Tolmasov Michael, Djaldetti Ruth, Lev Nirit, Gilgun-Sherki Yossi
a Specialty Products Department , Dexcel Pharma Technologies Ltd ., Jerusalem , Israel.
b Department of Neurology , Rabin Medical Center, Beilinson Campus , Petach Tikva , Israel.
Expert Rev Neurother. 2016 May;16(5):505-13. doi: 10.1586/14737175.2016.1164600. Epub 2016 Mar 25.

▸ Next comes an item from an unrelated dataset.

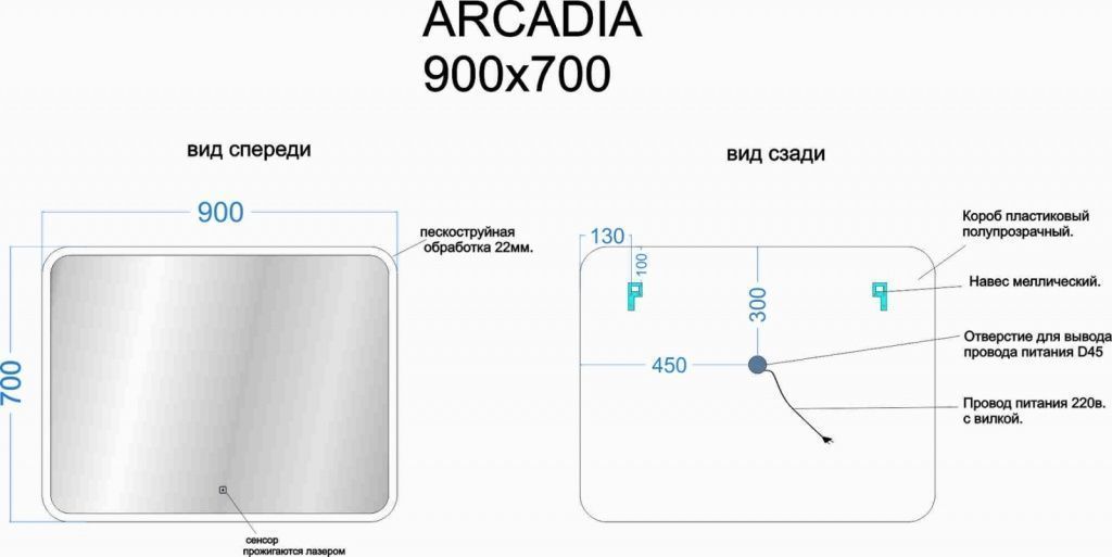 —Зеркало с подсветкой Sancos Arcadia AR900 90х70 подвесное

Parkinson's disease (PD) and related synucleinopathies are characterized by extensive neuronal cell loss, which is potentially triggered by α-synuclein misfolding and aggregation. Therefore it is reasonable to suggest that treatments targeting α-synuclein could reduce its levels and toxicity, rescue neuronal cells and halt the neurodegeneration process. Several approaches to decrease α-synuclein levels were employed thus far, mainly by using β-synuclein, another protein from the same family, or immunotherapies. These treatments demonstrated some positive results in preclinical studies, which may pave the road to the development of new promising disease-modifying therapies (DMTs). This approach should be further examined in preclinical and clinical settings, together with a clear process in order to advance candidates, enable the ability to define when there are target engagements and to detect what is a meaningful pharmacological response, and how it will be translated in clinical efficacy.
帕金森病(PD)及相关突触核蛋白病的特征是广泛的神经元细胞丢失,这可能由α-突触核蛋白错误折叠和聚集引发。因此,有理由认为针对α-突触核蛋白的治疗可以降低其水平和毒性,挽救神经元细胞并阻止神经退行性变过程。迄今为止,采用了几种降低α-突触核蛋白水平的方法,主要是使用来自同一家族的另一种蛋白质β-突触核蛋白,或免疫疗法。这些治疗在临床前研究中显示出一些积极结果,这可能为开发新的有前景的疾病修饰疗法(DMT)铺平道路。这种方法应在临床前和临床环境中进一步研究,同时要有明确的流程,以便推进候选药物,能够确定何时有靶点参与,检测有意义的药理反应是什么,以及它将如何转化为临床疗效。